Les vautours vont-ils devenir le nouveau cauchemar des éleveurs en Occitanie? Pour certains d'entre eux, c'est déjà le cas depuis plusieurs jours. Claire Vieilledent est éleveuse de bovins et propriétaire de juments de traits dans le sud Aveyron. Jeudi 13 mai, elle fait une découverte particulièrement traumatisante dans son champ: sa jument, mourante, entourée de vautours, alors qu'elle était jusqu'ici en pleine forme, comme elle l'a expliqué dans les colonnes de France 3 Occitanie:

"Une autopsie a été menée, mandatée par la DDT (Direction départementale des territoires) et qui a avéré que ma jument est décédée suite aux ruptures des artères utérines. Qu'elle a été saignée en fait (...) et qu'au moment où elle est morte, c'était bien les vautours qui l'avaient consommée".

Au moins quatre attaques en une semaine

Une macabre découverte qui résonne avec l'expérience d'autres éleveurs dans la région. Les syndicats agricoles des Jeunes Agriculteurs et de la FDSEA ont recensé douze animaux vivants tués par des vautours depuis le début de l'année, et au moins quatre rien que la semaine dernière. Jean-Pierre Grandin fait partie lui aussi des éleveurs touchés:

"Je travaillais sur la propriété lorsque j’ai vu arriver un vol d’énormes oiseaux. Ceux-ci se sont abattus sur le pré où l’une de mes vaches avait mis bas. Aussitôt j’ai vu que les oiseaux s’en prenaient au veau et à la vache. J’ai immédiatement couru dans mon pré pour effrayer ces oiseaux, j’ai vu qu’il s’agissait de vautours. Je n’ai rien pu faire, j’ai même été attaqué par deux vautours. J’ai eu vraiment très peur.
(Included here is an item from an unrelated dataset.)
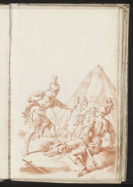 Curator: This striking ink drawing from 1701 is titled "Pictura," or "Painting," and it’s by the Dutch artist Jacob Toorenvliet. The piece presents an allegory of the art of painting itself. Editor: My immediate impression is one of intricate detail and lightness. Despite being a pen and ink drawing, there’s an ethereal quality to it, almost like a dream. I am particularly drawn to its composition and the symbolism imbued within the allegorical elements. Curator: Indeed. Toorenvliet created this artwork during a time when the Dutch Republic was transitioning into the Enlightenment, and representations of art were common ways for academies to display their influence. Here, he depicts Pictura, the embodiment of painting, hard at work. Editor: That artistic self-awareness is fascinating, especially when we situate it within that moment of societal transition. The almost didactic portrayal makes one think of a particular mission ascribed to art—what are the political dimensions and intellectual debates embedded here? The bust and sculptural figures around her – do you see a clear effort to legitimize a new kind of representation? Curator: Precisely! The inclusion of the bust and sculptures points towards the artist wanting to demonstrate knowledge and appreciation for classical ideals and learning, reflecting the period’s artistic values. Editor: It’s hard not to note the presence of that cherubic figure with what appears to be a memento mori near the lower corner. The allegorical nature is reinforced by such symbols that urge a dialogue of the self in this construction of art. Does this symbol affect the viewing of "Pictura," making one ask more questions? Curator: The presence of that angel serves, in part, to remind the viewer of life's transient nature. Allegories were not merely about art’s virtues, but were tools for societal reflections on morality. The dialogue with the self can become a wider look at culture. Editor: Seeing that the woman holds the brush, one begins to recognize an embodiment of the female gaze as a conduit of painting's role. This further inspires me to situate my perspective and question that kind of historical intersection. I must recognize Toorenvliet’s work beyond the purely visual level. Curator: And beyond a presentation of technique. Looking at this again, I note the skill and vision embedded within Toorenvliet's piece, echoing a drive to give visibility to classical styles in a changing intellectual atmosphere. Editor: Yes, by reflecting on this interplay of visibility, we allow ourselves to recognize, and reflect on art with much more inclusive eyes.

Devant une telle chose, je suis resté impuissant" a-t-il déploré auprès de La Depêche.

En dix-huit ans d'agriculture, c'est la première fois que Jean-Pierre Grandin voit une chose pareille arriver et aujourd'hui, il estime son préjudice aux alentours de 3000 euros. Une somme qui n'est pas couverte par son assurance, car le vautour est une espèce protégée. C'est cette situation que veulent à tout prix faire évoluer les éleveurs de la région, alors que des attaques de ce type avaient déjà été recensées dans d'autres régions de France par le passé.

Après une manifestation devant la DDT (Direction départementale des territoires), à Rodez ce lundi 17 mai, les syndicats agricoles demandent un soutien financier de l'État en cas d'attaque, et la régulation de la population de vautours sur le territoire. Une solution que les associations de défense des oiseaux dénoncent, la LPO (Ligue de protection des oiseaux) a par ailleurs décidé de mettre en place "une médiation" pour recueillir les témoignages des éleveurs concernés. Un numéro d’appel d'urgence a également été mis en place par l’État.